# Head injury/traumatic brain injury and the risk of dementia: An observational and Mendelian randomization study

**Authors:** Ziyu Ouyang, Bin Jiao, Xuewen Xiao, Qijie Yang, Yuan Zhu, Lu Shen, Nan Li

PMC · DOI: 10.1016/j.tjpad.2025.100468 · The Journal of Prevention of Alzheimer's Disease · 2026-01-08

## TL;DR

This study shows that head injuries and traumatic brain injuries increase the risk of dementia, especially in the first few years after the injury.

## Contribution

The study uses both observational and Mendelian randomization methods to suggest a causal link between TBI and Alzheimer's disease.

## Key findings

- Head injury and traumatic brain injury are linked to a higher risk of dementia.
- Mendelian randomization supports a causal relationship between TBI and Alzheimer's disease.
- Recurrent head injuries are associated with reduced hippocampal volume and worse cognitive performance.

## Abstract

This study aimed to investigate the link between head injury (HI)/traumatic brain injury (TBI) and dementia risk, as it remains unclear.

We examined the associations between HI/TBI-related factors, including the frequency of HIs and the severity of TBI, and the risk of dementia (n = 397,581), as well as neuroimaging outcomes (n = 42,380) using prospective data (50 years at baseline) from the UK Biobank.
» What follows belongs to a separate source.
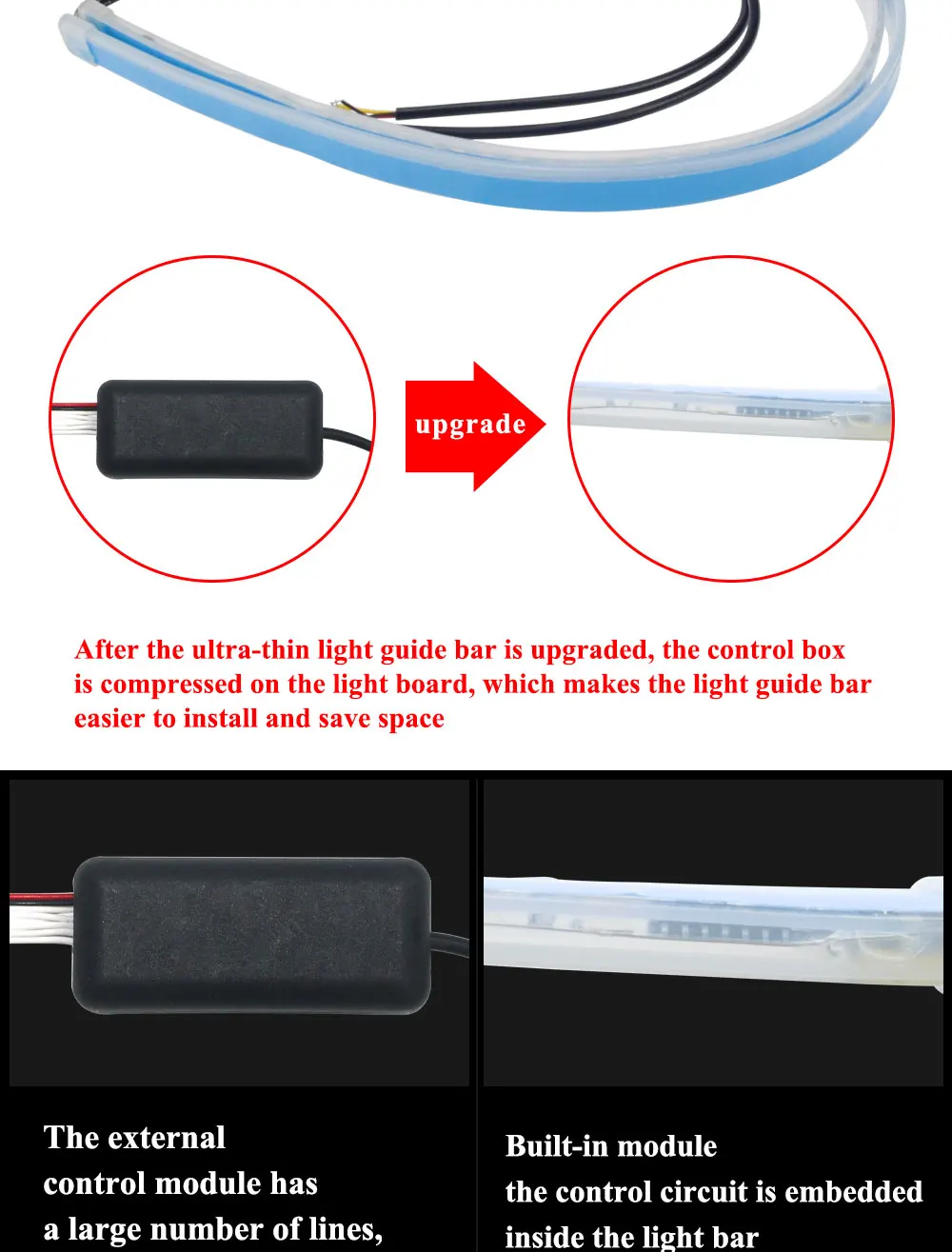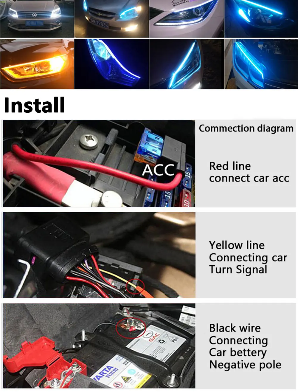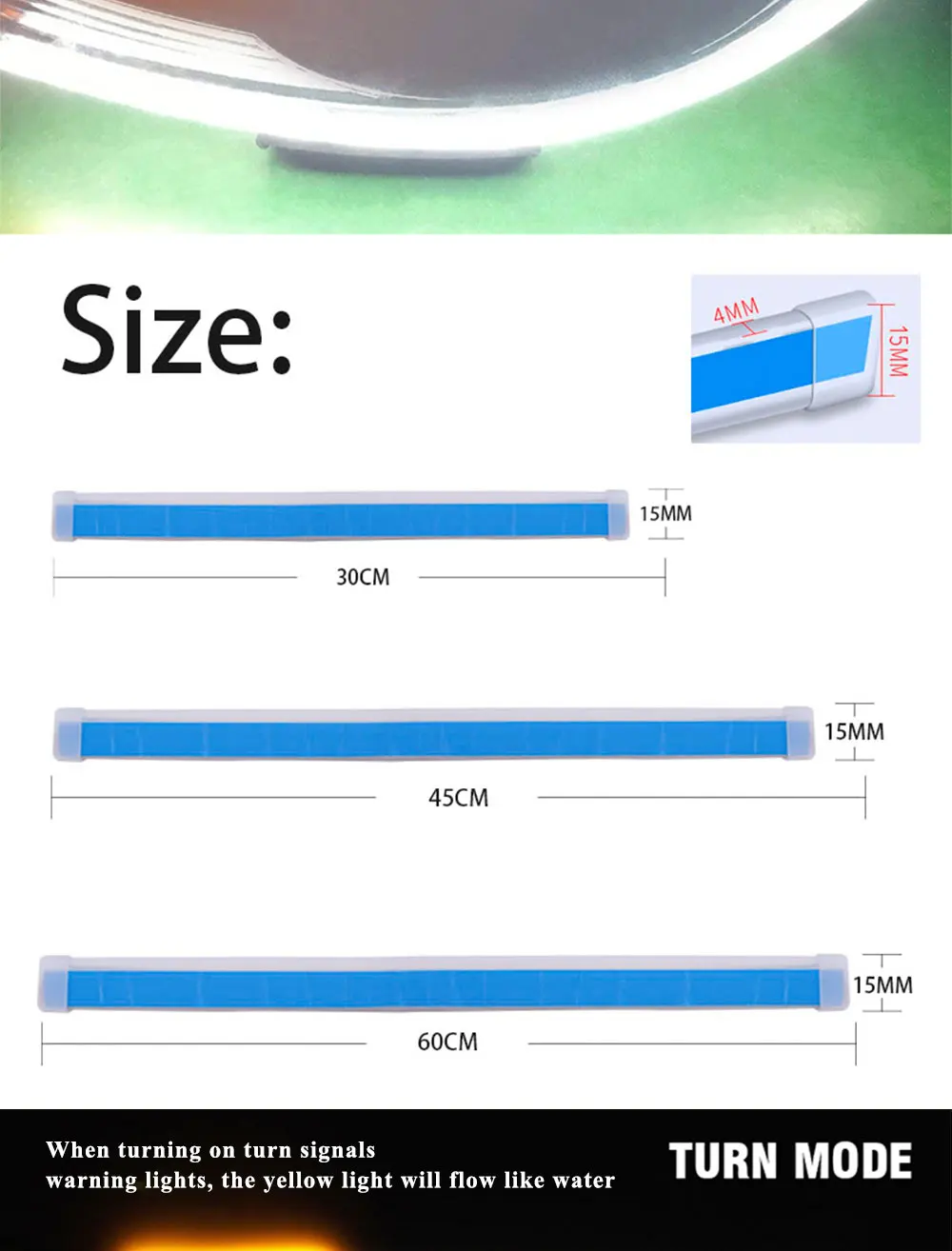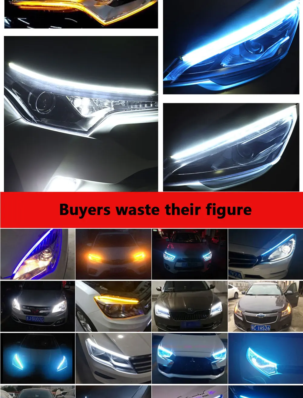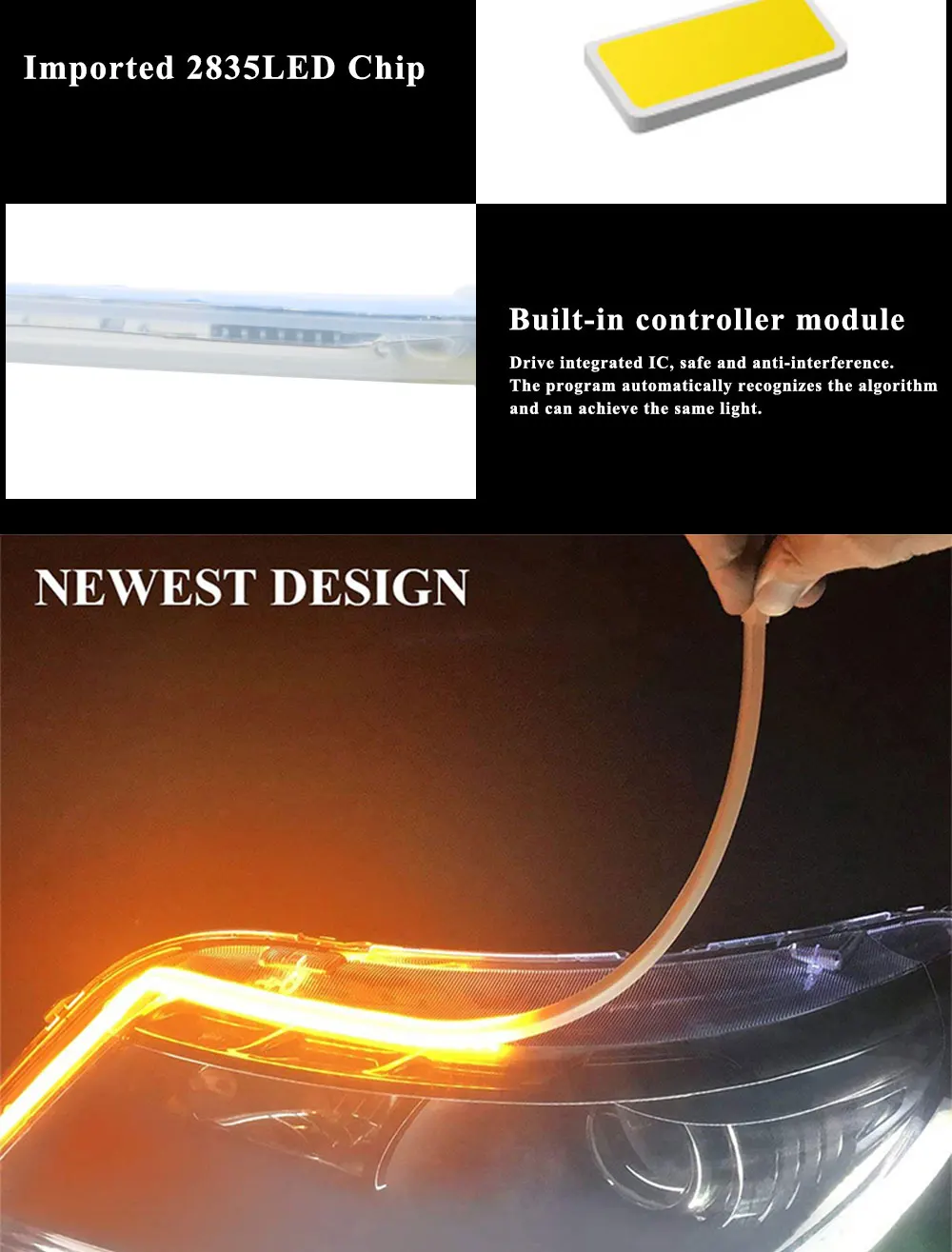2PCS 30CM Car Daytime Running Light Flexible Strip Ice blue Turn Signal Yellow Brake Flow Lights DRL Auto Headlights 12v

In the observational analyses, Cox proportional-hazards modeling and logistic regression were used to estimate the associations between factors. Mendelian randomization (MR) was conducted to investigate the underlying causality between TBI (n = 392,423, ncases=19,842) and Alzheimer's disease (AD) (n = 41,944, ncases=21,982).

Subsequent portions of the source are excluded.